§ **Brief**
The job is to output each record exactly as it stands, pictures excluded.

--------

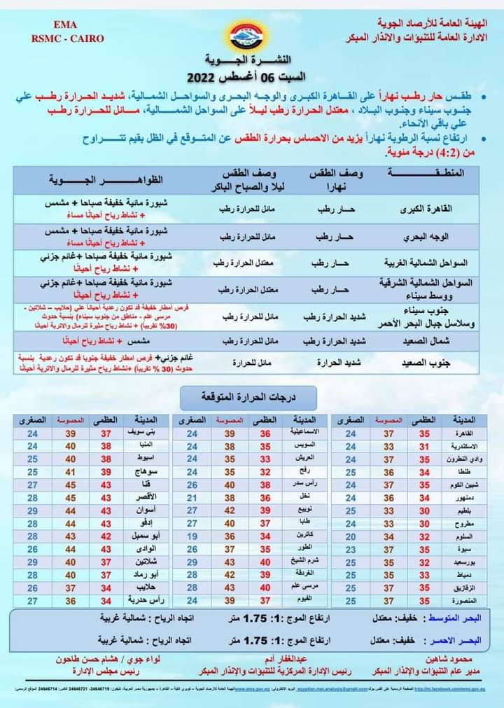 وقالت هيئة الأرصاد في بيان: تشهد القاهرة الكبرى والوجه البحري، والسواحل الشمالية، طقسًا حارا رطب، اليوم السبت، بينما يكون شديد الحرارة رطب على جنوب سيناء وجنوب البلاد خلال النهار.
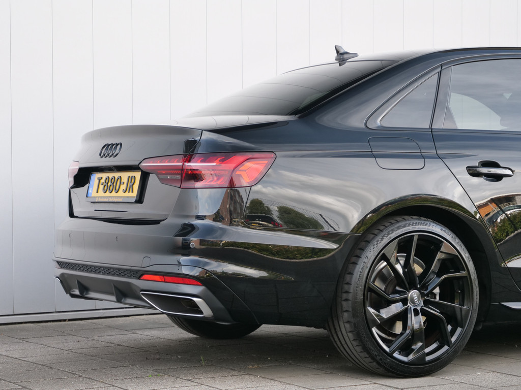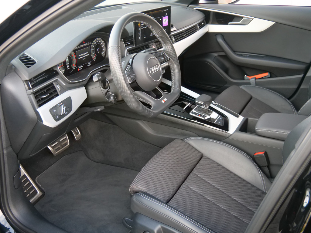 Het interieur van deze Audi A4 Limousine beschermt u als een veilige cocon. Het onderstel is ontworpen om de scherpste bochten en de slechtste wegen aan te kunnen en de motor reageert alert op ieder commando. Mag het een beetje exclusief en sportief? Mooi, want deze is uitgevoerd met S-Line styling. De aandrijving van deze Audi wordt verzorgd door een viercilinder benzinemotor en een automatische transmissie. Chauffeur en bijrijder zitten stabiel in de scherpe bochten door de sportstoelen. Bij de uitrusting van deze auto horen onder meer 19 inch lichtmetalen velgen, LED koplampen, sportonderstel, halflederen bekleding, warmtewerend glas en in delen neerklapbare achterbank.
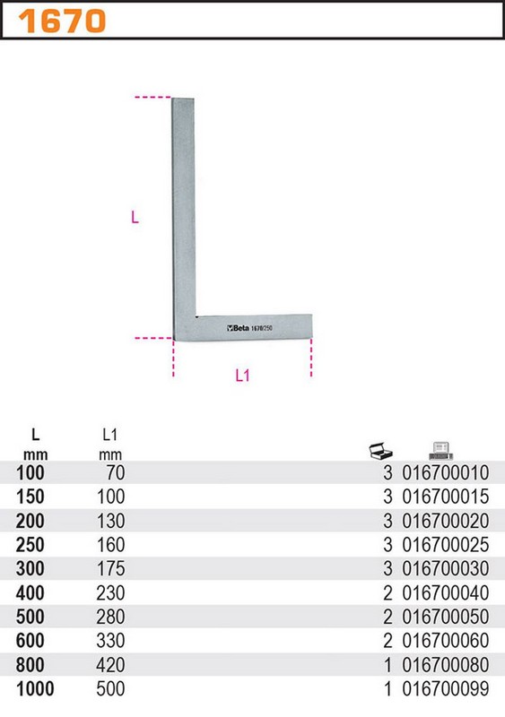 Kątownik powierzchniowy płaski, do prac niewymagających precyzji, model 1670, 200mm
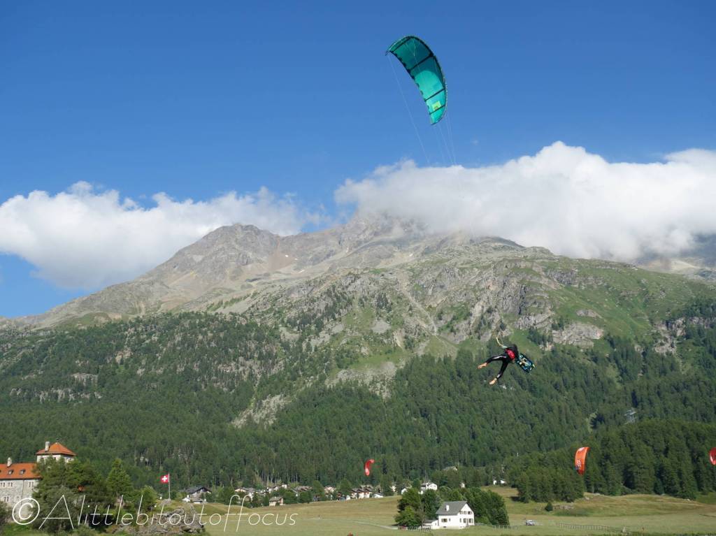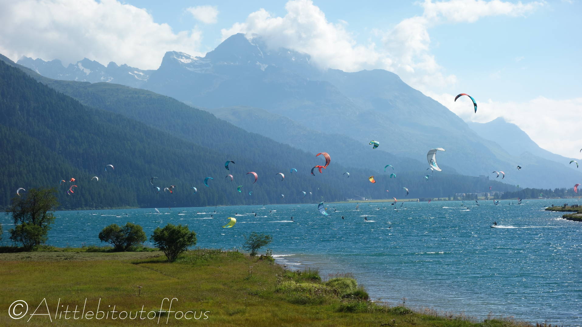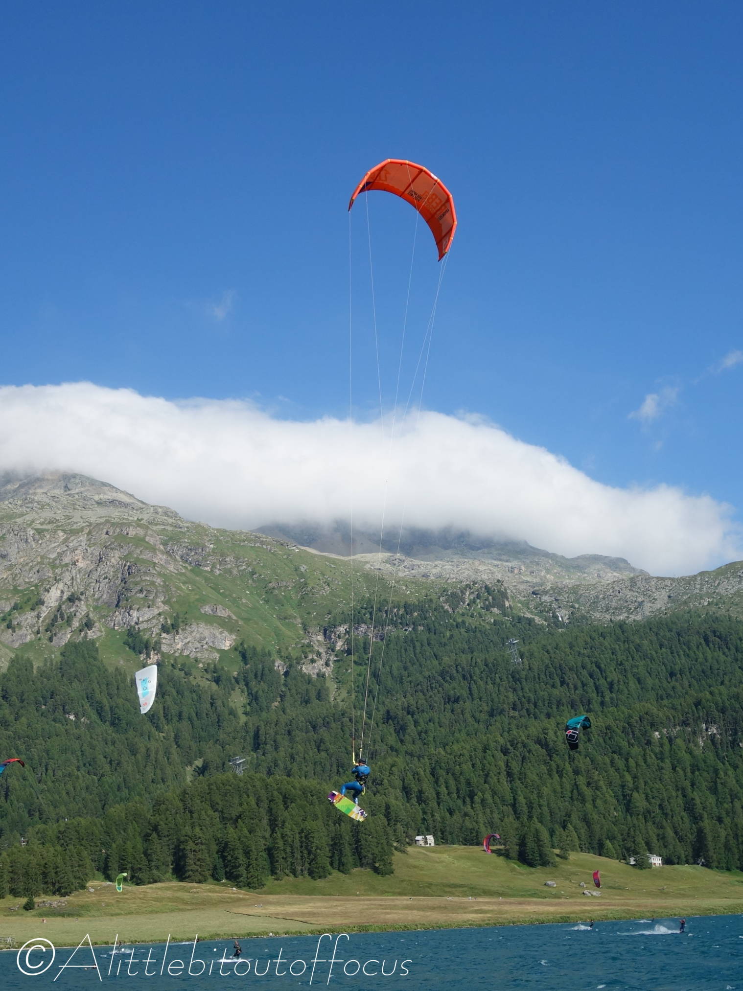 As we drove back from Diavolezza, we came across one of the most amazing, certainly sporting, sights that I have ever seen. There must have been at least 50 or 60 kite-surfers, criss-crossing the Silvaplanasee. After the extremely calm morning, the wind had picked up and the surfers were having a fantastic time – some leaping high into the air and landing gracefully, but occasionally trying some tricks (like removing the board from their feet) and then, more often than not, crashing back into the lake.
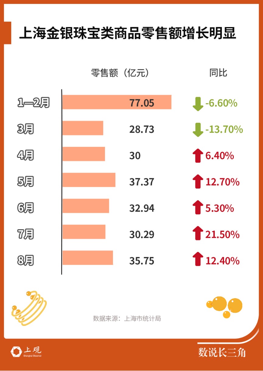 回顾今年到目前公布的金银珠宝类社零情况,尽管受整体社零影响,年初的一二三月金银珠宝类商品零售额同比有所下降。但从四月开始,则一直保持升势,7月甚至达到了21.5%的高增长。值得说明的是,上海的金银珠宝类商品零售额增速普遍在整体社零增速以上,例如,4月上海整体社零增长2.6%,而金银珠宝类增长6.4%;5月整体社零增长7.5%,金银珠宝类增长12.7%。
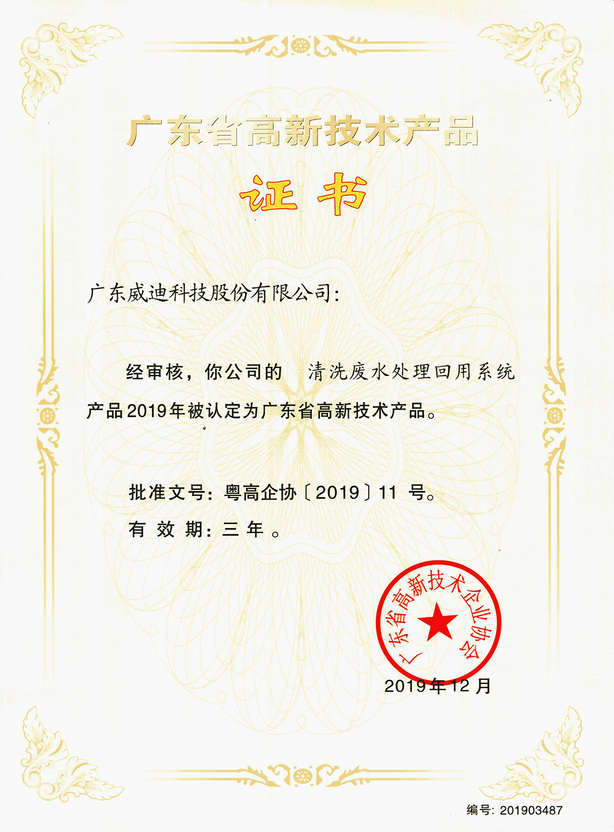 2019年12月高新技術產品-清洗廢水處理回用系統
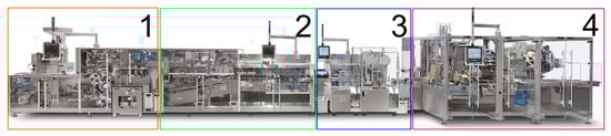 Generally, Uhlmann machines package tablets into individual packaging units, e.g., blisters. In this process, several single machines are connected to a machine line. Figure 2 shows a production line consisting of different machines. A blister machine forms blisters with individual courts for tablets from a plastic or aluminum foil strand. Tablets are then fed and sorted into blister courts. Blisters are finally closed with a cover sheet. In production Section 2, blisters are punched out and packed into cartons, together with the folded leaflet by a cartoning machine. Production Section 3 comprises a labeling machine, in which the cartons are labeled, e.g., with a country-specific code for traceability purposes. In the final production section (Section 4), cartons are packed into boxes, which are then stacked on pallets for transportation by a case-packaging machine. Note that in addition to blisters, tablets can also be bottled with Uhlmann bottle filler machines, meaning that Uhlmann offers packaging machines for syringes and vials as well.

--------

§ **Your response**
 وقالت هيئة الأرصاد في بيان: تشهد القاهرة الكبرى والوجه البحري، والسواحل الشمالية، طقسًا حارا رطب، اليوم السبت، بينما يكون شديد الحرارة رطب على جنوب سيناء وجنوب البلاد خلال النهار.
 Het interieur van deze Audi A4 Limousine beschermt u als een veilige cocon. Het onderstel is ontworpen om de scherpste bochten en de slechtste wegen aan te kunnen en de motor reageert alert op ieder commando. Mag het een beetje exclusief en sportief? Mooi, want deze is uitgevoerd met S-Line styling. De aandrijving van deze Audi wordt verzorgd door een viercilinder benzinemotor en een automatische transmissie. Chauffeur en bijrijder zitten stabiel in de scherpe bochten door de sportstoelen. Bij de uitrusting van deze auto horen onder meer 19 inch lichtmetalen velgen, LED koplampen, sportonderstel, halflederen bekleding, warmtewerend glas en in delen neerklapbare achterbank.
 Kątownik powierzchniowy płaski, do prac niewymagających precyzji, model 1670, 200mm
 As we drove back from Diavolezza, we came across one of the most amazing, certainly sporting, sights that I have ever seen. There must have been at least 50 or 60 kite-surfers, criss-crossing the Silvaplanasee. After the extremely calm morning, the wind had picked up and the surfers were having a fantastic time – some leaping high into the air and landing gracefully, but occasionally trying some tricks (like removing the board from their feet) and then, more often than not, crashing back into the lake.
 回顾今年到目前公布的金银珠宝类社零情况,尽管受整体社零影响,年初的一二三月金银珠宝类商品零售额同比有所下降。但从四月开始,则一直保持升势,7月甚至达到了21.5%的高增长。值得说明的是,上海的金银珠宝类商品零售额增速普遍在整体社零增速以上,例如,4月上海整体社零增长2.6%,而金银珠宝类增长6.4%;5月整体社零增长7.5%,金银珠宝类增长12.7%。
 2019年12月高新技術產品-清洗廢水處理回用系統
 Generally, Uhlmann machines package tablets into individual packaging units, e.g., blisters. In this process, several single machines are connected to a machine line. Figure 2 shows a production line consisting of different machines. A blister machine forms blisters with individual courts for tablets from a plastic or aluminum foil strand. Tablets are then fed and sorted into blister courts. Blisters are finally closed with a cover sheet. In production Section 2, blisters are punched out and packed into cartons, together with the folded leaflet by a cartoning machine. Production Section 3 comprises a labeling machine, in which the cartons are labeled, e.g., with a country-specific code for traceability purposes. In the final production section (Section 4), cartons are packed into boxes, which are then stacked on pallets for transportation by a case-packaging machine. Note that in addition to blisters, tablets can also be bottled with Uhlmann bottle filler machines, meaning that Uhlmann offers packaging machines for syringes and vials as well.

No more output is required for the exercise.